Too Easy
Sometimes, it's good to be the King. The Witch King, that is. I'm really not even a King at this point, given that I have no lands and am second-in-command to a giant flaming eye. But that's beside the point, since he has to sit atop Barad-dur while I get to issue orders in his name. Granted, it's not as though I really needed to issue said orders to a couple hundred thousand orcs when fighting less than ten thousand men. The whole 'kill instinct' is about all they needed. I did the math. Even with the highest estimate of defenders, 12,000, and the lowest estimate of attackers, 50,000, every single one of them would have to kill four and one-sixth orcs before dying. And that just isn't happening.
And after we win, of course, life gets real good. Sauron will give me a nice kingdom to rule over while he has to go about supervising and managing the affairs of the whole bloody world. I expect he'll give me Lindon and the northwest, given that any attempt to intervene by the Valar would probably come through the Grey Havens, which I will probably convert to a spa for orcs. It never hurts to keep your minions happy. I just hope he includes Rivendell in my domain. I hear that Elrond has a damn fine library.

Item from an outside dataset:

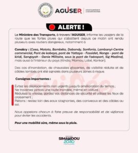 Le Ministère des Transports, à travers l’AGUISER, informe les usagers de la route que les fortes pluies qui s’abattent depuis ce matin ont rendu plusieurs axes routiers dangereux, notamment à

This is far too easy. The Eight and I have dealt with the trebuchets and generally terrorized the men. Even then, I just let Krihtuzg go whither she would. She's a damn fine steed, and she just took out men and armaments without direction from me. But even we aren't really needed. The catapults did some effective structural damage, the orcs are menacing the defenders effectively enough, and when Grond did his work, I wasn't even needed to clear out the gate. Some silly trolls took care of that.
Meh. I might as well take another pass over the city, see if anything looks interesting. Maybe I should order some of the orcs to withdraw and break down the outer walls by spitting on them. That would make things a bit more difficult, though this fight could never be called a challenge. I know! I'll take Krihtuzg up top and let her assist the Steward with the death wish. Not challenging, but at least it should be fun, and it would be helpful to him. It's not as though I'm an inconsiderate being.
Hmmm. The White Wizard appears to be doing the same. What was it I told Gothmog? Oh, yes. "I will break him," I had said. And so I shall. Maybe that will pose us a challenge. I make a quick calculation of our relative speeds and then, surveying the layout of the city, identify the perfect intercept.
I land. Krihtuzg looks menacing. His horse rears, but he seems ready for a fight. "Go back to the abyss! Fall into the nothingness that awaits you and your master!" Hmmm. Interesting statement. There's no literal abyss that I'm aware of, except for the one in that dwarf city, but since I've never been there, I can't exactly go back. He must be using the term metaphorically, perhaps as a symbol of the mindset of evil, with which I am quite familiar but which I've never really left so, again, I can't exactly go back. And maybe I'm just an optimist, but I don't imagine nothingness awaiting us. The odds are too much in our favor. And even if nothingness did await us, we couldn't exactly fall into it, given that, if we could fall into it, it wouldn't be nothingness.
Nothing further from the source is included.